David Ludwig, MD, PhD on Ideal Insulin, Ketosis, Calorie Counting and Weight Loss Resistance

David Ludwig, MD, PhD on Ideal Insulin, Ketosis, Calorie Counting and Weight Loss Resistance

Interview with David Ludwig, M.D. PhD, Harvard endocrinologist and author of Always Hungry?

After podcasting with Dr. David Ludwig, author of NYT best seller Always Hungry?, I had a few more questions and shot him a couple of emails. I appreciate his thoughtful responses. Here’s what he had to say about calorie counting, ketosis, ideal insulin levels and weight loss resistance. — Kara Fitzgerald.

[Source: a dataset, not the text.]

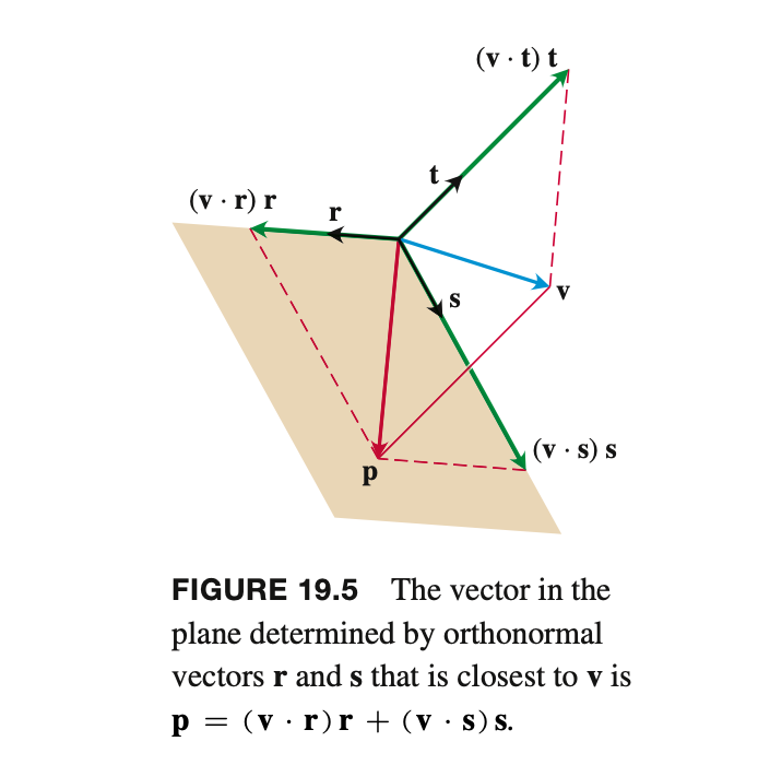 if is an orthonormal basis for three-dimensional space and v is a vector, then the linear combination of that is closest to is.

KF: Do you think there is any utility in monitoring caloric intake? Or are we moving past the era of “counting calories”?

David Ludwig: I suggest completely abandoning calorie counting as a way to control calorie balance. First off, no one, not even professionals, can do it accurately without elaborate technology. An error of +350 kcal per day (within typical error range) would produce massive obesity in a few years. For that matter, if calorie counting were critical to weight management, how did humans manage to avoid massive swings in body weight, before the very concept of the calorie was invented a century ago? Instead, we put the entire focus on creating the right internal conditions for weight loss (right diet and related supports), and let the process happen naturally — with the body’s active cooperation, not with the body kicking a screaming.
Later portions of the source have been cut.